--- Information supplied Enclosed Below ---
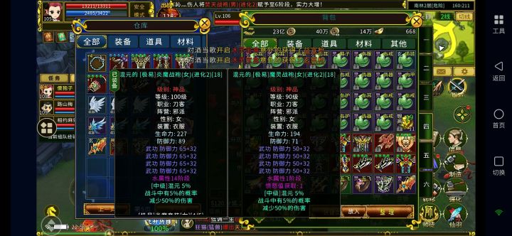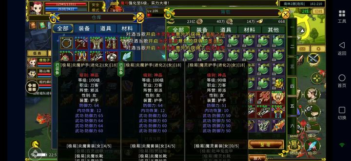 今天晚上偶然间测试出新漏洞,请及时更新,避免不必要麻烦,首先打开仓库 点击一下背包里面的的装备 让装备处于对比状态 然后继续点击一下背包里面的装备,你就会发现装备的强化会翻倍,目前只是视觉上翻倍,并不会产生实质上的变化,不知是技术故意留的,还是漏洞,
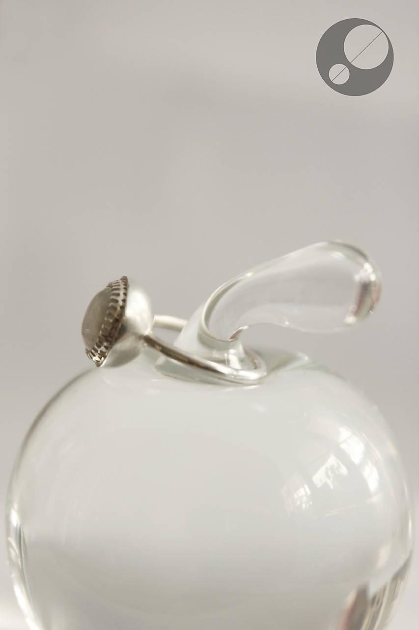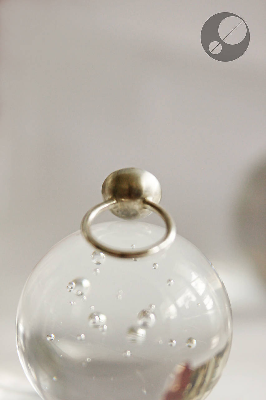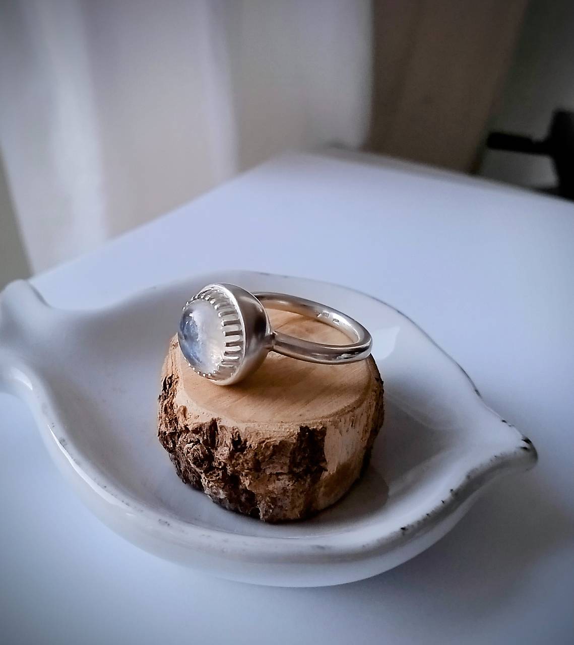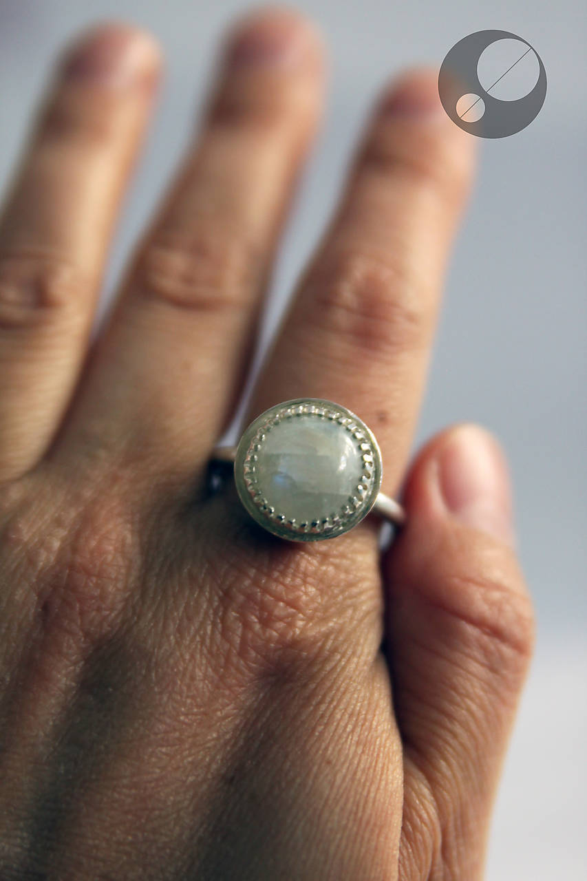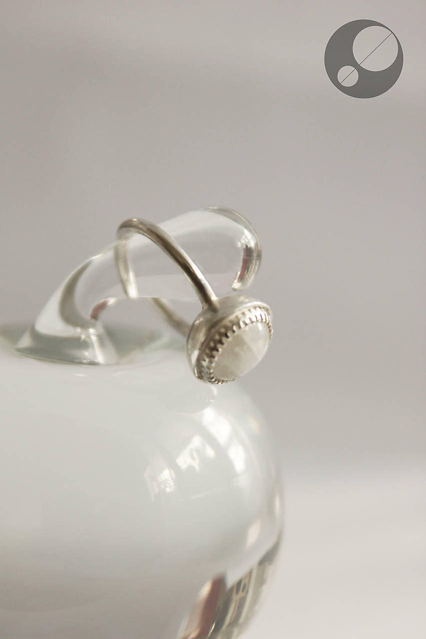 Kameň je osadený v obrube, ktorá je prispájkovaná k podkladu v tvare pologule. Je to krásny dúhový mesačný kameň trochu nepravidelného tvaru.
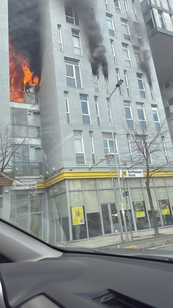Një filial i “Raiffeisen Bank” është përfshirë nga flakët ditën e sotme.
--- End of Enclosed Information supplied ---
● Exercise aim
Leave every image out, and retype the material exactly.

● Solution for this exercise
 今天晚上偶然间测试出新漏洞,请及时更新,避免不必要麻烦,首先打开仓库 点击一下背包里面的的装备 让装备处于对比状态 然后继续点击一下背包里面的装备,你就会发现装备的强化会翻倍,目前只是视觉上翻倍,并不会产生实质上的变化,不知是技术故意留的,还是漏洞,
 Kameň je osadený v obrube, ktorá je prispájkovaná k podkladu v tvare pologule. Je to krásny dúhový mesačný kameň trochu nepravidelného tvaru.
Një filial i “Raiffeisen Bank” është përfshirë nga flakët ditën e sotme.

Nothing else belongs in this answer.